On February 21, 1972, President Nixon and his wife stepped off a plane in China for a week-long visit. This was no mere presidential vacation, George W... It was the first visit to the People's Republic by an American president, and it marked the first step in normalizing relations between the two countries. (36 years later, China is busy muscling occupied Tibet and Dubya is lookin' forward to becoming America's sports fan in chief at the completely apolitical Summer Olympic Games. Yee haw!) But Nixon's visit didn't come without prodding ... from none other than future first lady Hillary Rodham Clinton.

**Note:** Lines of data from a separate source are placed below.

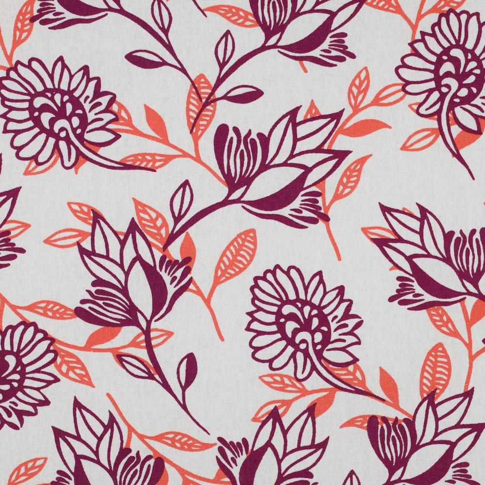 Un sueño floral veraniego: un alegre estampado floral en colores delicados y vibrantes se despliega sobre el fondo de lino de fina textura. El blanco brillante prepara el escenario para alegres flores en morado y naranja, enmarcadas por suaves tonos amarillos y toques más oscuros. Entre medias, pequeñas hojas y finos detalles en colores apagados crean un armonioso equilibrio.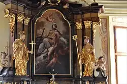 - svatý Benedikt – s opatskou berlou, s knihou Řehole, anděl nese pohár s hadem (jed v nápoji),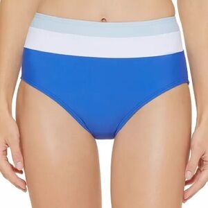 DKNY Colorblocked High-Waist Bikini Bottoms swimsuit, swimwear Lapis Blue New L

You see, it was Hillary who distracted the media with her and Chelsea's clever Chinese hats, allowing Henry Kissinger to sneak off from Pakistan to Beijing for a secret visit a year earlier, laying the groundwork for Nixon's historic visit with the ailing Chairman Mao. Those hats were on display again during a rarely seen photo shoot in front of the Great Wall. Years later, China would reward Hillary with bountiful, cheap goods not at all tainted with lead, which would fill the shelves of Wal-Mart, on whose board she would proudly sit.

Hillary showed Nixon the door

On August 9, 1974, President Richard Nixon made his final remarks to his White House staff, and bid good-bye to his presidency. Our long national nightmare was almost over -- we still had Jerry Ford's pardon, which would club any chance of justice or national closure to death like a baby seal -- to look forward to. And yet, that dark day was made easier by the presence of the future first lady, Hillary Clinton. As she walked Dick Nixon onto that plane for his flight into the political sunset, she reassured a grateful nation that in time -- just a few short decades -- she would be in charge, and all would love her, and despair...

One giant step for Hillary

On July 20, 1969, humanity took its first bold steps into the great, black beyond, when America accomplished JFK's dream of landing a man on the moon. Well, maybe it's because he was too sexist, but JFK never imagined that when that man landed, a woman would go with him. Godspeed, Hillary.